A diamond cell incorporates two cell plates, which compress the sample. Subsequently, measurements are conducted on the sample adhered on a single cell plate.

If measurements are conducted with both cell plates, an interference pattern is superimposed over the sample spectrum.
Fig. 1 shows the example of caffeine powder analyzed using a diamond cell. The red line shows the spectrum of the sample on a single cell plate; the blue line shows the spectrum measured with the sample sandwiched between two cell plates.

Fig. 1 Transmission Spectra of Caffeine Powder (difference between single and two cell plates)

Fig. 1 shows that an interference pattern is superimposed over the sample spectrum measured using two cell plates, such that the baseline exceeds 100 %. The interference pattern occurs due to the parallel space between the two diamond disks.
When measurements are conducted with two cell plates, the noise increases near the 2000 cm^-1 absorption band of diamond.
For the reasons above, after a sample is crushed between the two cell plates, the sample adhered on a single cell plate is analyzed. As an exception, rubber and other elastic samples are measured while sandwiched between the two cell plates.

Fig. 2 Transmission Spectra of Caffeine Powder (effect of sample amount)

Only a trace amount of sample is required for measurement. Too much sample lowers the baseline and results in a spectrum with saturated peaks. Fig. 2 shows an example of this using a caffeine power sample. The red line shows the spectrum obtained with an appropriate sample volume; the green line is the spectrum for an excess of sample. As an excess of sample cannot be compressed thinly enough, measurements must be conducted on a thick film. This results in a spectrum that is difficult to analyze due to a lower or inclined baseline and saturated peaks, as shown by the green line in Fig. 2. Therefore, the amount of sample must be adjusted to create a thin layer on the diamond cell.

Fig. 3 Transmission Spectra of Fibrous Foreign Matter (effect of background measurement positions)

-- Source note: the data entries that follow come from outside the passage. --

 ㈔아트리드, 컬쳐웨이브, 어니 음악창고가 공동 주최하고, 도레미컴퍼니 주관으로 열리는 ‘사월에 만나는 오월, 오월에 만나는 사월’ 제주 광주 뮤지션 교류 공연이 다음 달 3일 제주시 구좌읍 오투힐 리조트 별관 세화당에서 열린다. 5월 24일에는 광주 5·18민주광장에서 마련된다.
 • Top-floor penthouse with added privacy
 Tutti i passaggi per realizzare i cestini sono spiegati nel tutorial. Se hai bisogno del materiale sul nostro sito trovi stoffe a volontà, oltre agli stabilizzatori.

The positions chosen for background measurement and sample measurement have an influence on the spectrum.
Choosing a background measurement position as close as possible to the sample measurement position achieves a good spectrum with approximately 100 % baseline.
Fig. 3 shows the spectra for cellulose fiber obtained with BKG measured in a corner of the diamond cell (BKG1) and with BKG measured near the sample (BKG2).
The amount of transmitted IR light differs between the center and edges of the diamond cell. The amount of IR light is lower if BKG is measured away from the center of the cell. In this case, sample measurements result in a spectrum with a baseline exceeding 100 %. Consequently, position the sample in the center of the diamond cell and measure the background as close to the sample as possible. If the sample is not in the center of the diamond cell, the background must also be measured near the actual sample position, away from the center of the cell.

Fig. 4 Transmission Spectra of Polypropylene (PP) (effect of sample measurement positions)

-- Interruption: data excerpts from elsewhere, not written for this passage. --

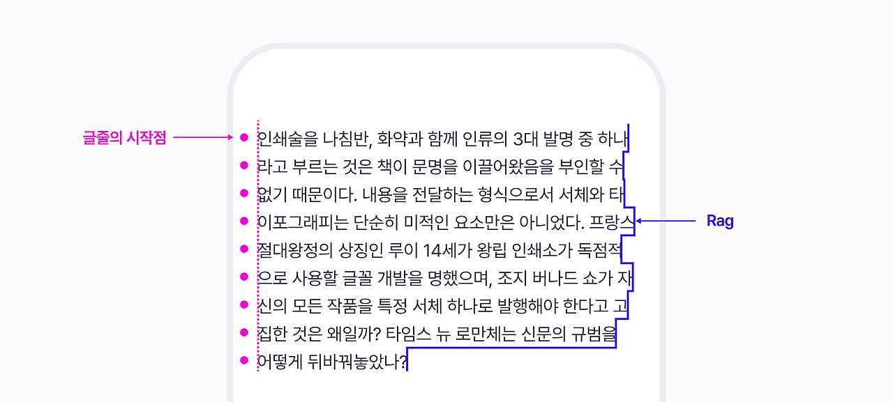 타이포그래피의 정렬은 페이지나 컨테이너의 여백을 기준으로 인쇄 또는 디지털에 상관없이 글 Text가 배치되는 기준을 의미한다. 모바일에서 글 Text이 정렬되는 방식은 네 가지로 왼끝 맞추기, 양끝 맞추기, 오른 끝 맞추기, 중앙 맞추기가 있다. 디자인의 목적과 콘텐츠의 성격, 의도된 사용자 경험에 따라 정렬 방법을 선택해야 한다.
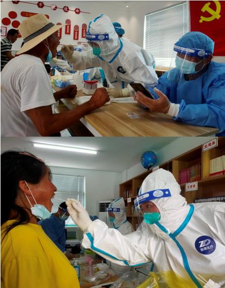 醫(yī)護(hù)人員們發(fā)揮自身專業(yè)優(yōu)勢,在疫情防控的第一線為居民群眾進(jìn)行咽拭子采樣。
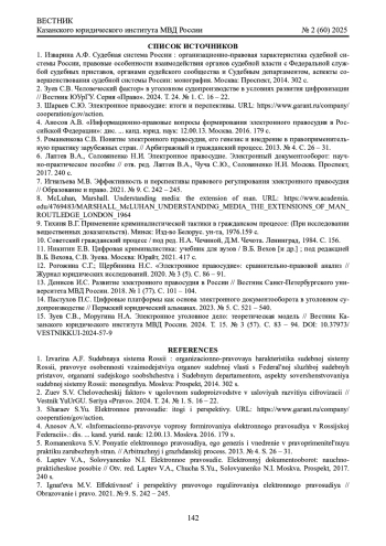 7. Игнатьева М.В. Эффективность и перспективы правового регулирования электронного правосудия // Образование и право. 2021. № 9. С. 242 - 245. ;. DOI: 10.24412/2076-1503-2021-9-242-245 EDN: RYPRBX
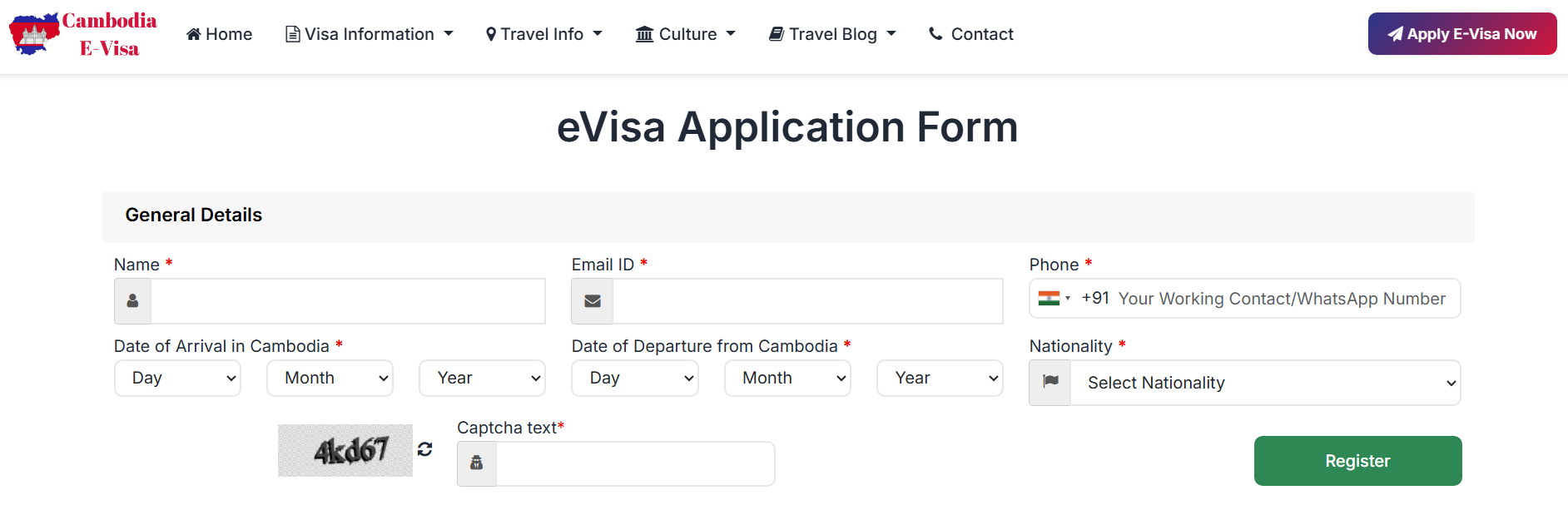 The Cambodia evisa application form process is fully digital. You will need to provide:
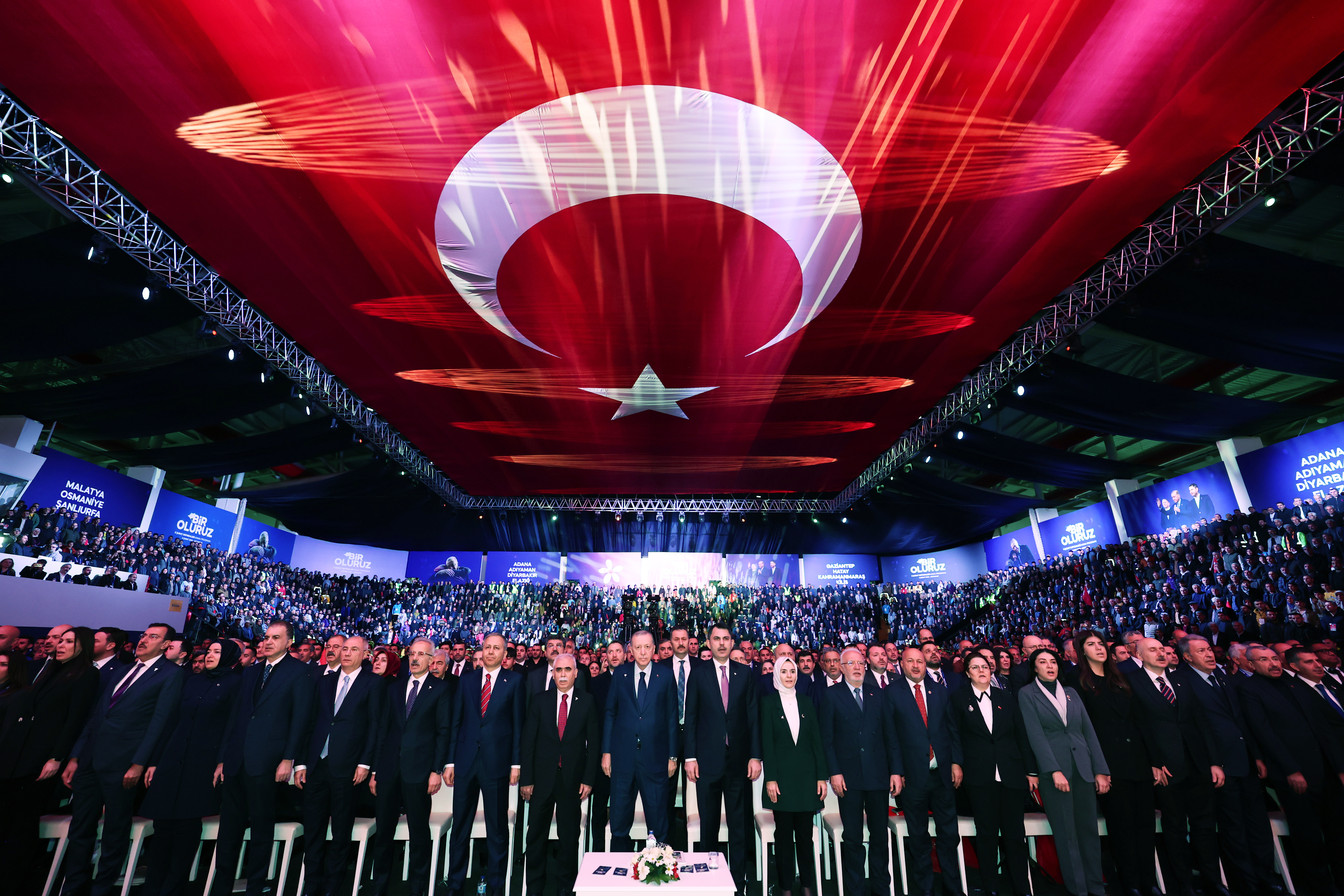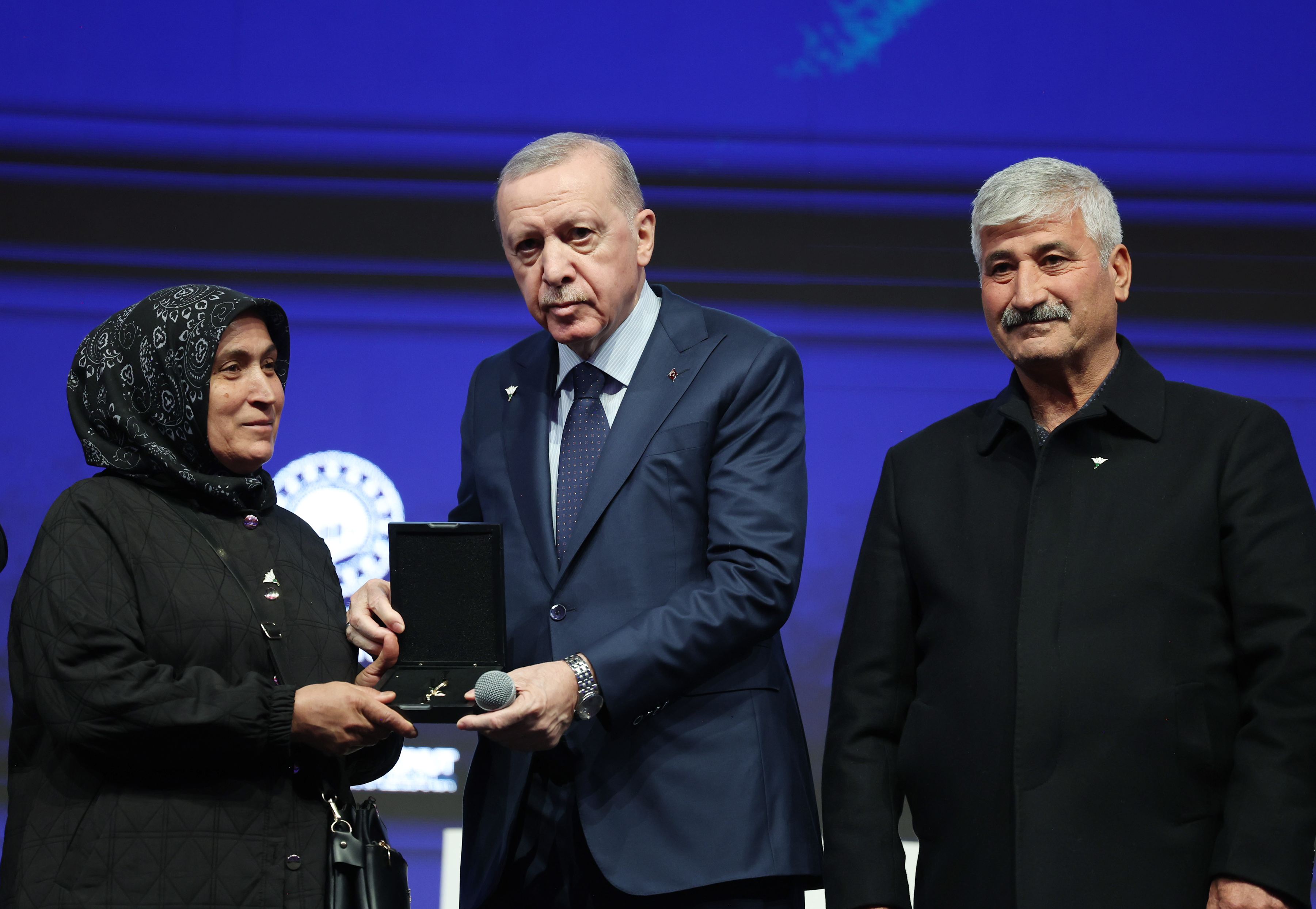 6 Şubat asrın felaketinde yitirdikleri 53 bin 737 kişinin her birine Allah'tan rahmet niyaz eden Cumhurbaşkanı Erdoğan, salondakilerle birlikte şehitler için Fatiha suresini okudu.

An interference pattern may appear on the baseline if it is measured on a smooth part of the sample surface. Fig. 4 shows examples of polypropylene (PP) measurements. The insert shows a photograph of the actual measured positions.
Care is required if an interference pattern appears on the baseline, as the interference pattern may hide small peaks.

Fig. 5 Transmission Spectra of Foreign Matter on the Surface of Paper (at two different measurement positions)

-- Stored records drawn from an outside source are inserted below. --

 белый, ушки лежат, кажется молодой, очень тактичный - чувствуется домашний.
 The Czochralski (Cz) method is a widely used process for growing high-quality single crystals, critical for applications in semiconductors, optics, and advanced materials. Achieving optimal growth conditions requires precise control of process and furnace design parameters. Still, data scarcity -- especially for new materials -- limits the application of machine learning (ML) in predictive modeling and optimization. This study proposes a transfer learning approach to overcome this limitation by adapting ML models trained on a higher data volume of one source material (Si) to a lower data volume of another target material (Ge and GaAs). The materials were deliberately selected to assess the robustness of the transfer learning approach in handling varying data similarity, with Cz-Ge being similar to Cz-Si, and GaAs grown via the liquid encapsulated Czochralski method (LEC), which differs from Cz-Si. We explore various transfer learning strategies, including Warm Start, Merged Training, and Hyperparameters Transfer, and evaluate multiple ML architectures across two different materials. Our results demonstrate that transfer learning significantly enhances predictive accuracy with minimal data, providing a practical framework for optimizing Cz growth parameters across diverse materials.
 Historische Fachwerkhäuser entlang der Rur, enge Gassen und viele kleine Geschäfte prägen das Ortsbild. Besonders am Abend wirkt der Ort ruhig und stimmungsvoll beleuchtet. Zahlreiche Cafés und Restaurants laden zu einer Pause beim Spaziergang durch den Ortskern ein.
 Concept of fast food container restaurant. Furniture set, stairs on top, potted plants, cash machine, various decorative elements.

If the foreign matter (sample) is relatively large, do not increase the aperture. It is more effective to set the aperture to approximately 50 µm and measure the spectra at a variety of positions than to increase the aperture. Constant results at each measurement position indicate that the foreign matter is a single component or a uniform mixture. Sample identification and analysis by spectrum searching are possible on a spectrum not affected by peak saturation or an interference pattern.
However, differences apparent between the spectra indicate a non-uniform mixture of foreign matter. In this case, differential spectra are determined to obtain a spectrum for each component. Fig. 5 shows the measurement of foreign matter on the surface of paper. The aperture is set to 30 µm × 30 µm.

Fig. 6 Differential Spectrum

The diagram shows a position of strong intensity near 1500 cm^-1 (S-1) and a position of strong intensity near 1000 cm^-1 (S-2). The position near 1000 cm^-1 results from a normal component of paper (cellulose). Calculating the difference between the spectra from S-1 to S-2 in Fig. 5 gives the spectra for just the foreign matter. Fig. 6 shows the resulting differential spectrum.
Spectrum searching of the differential spectrum in Fig. 6 indicated the foreign matter to be magnesium carbonate.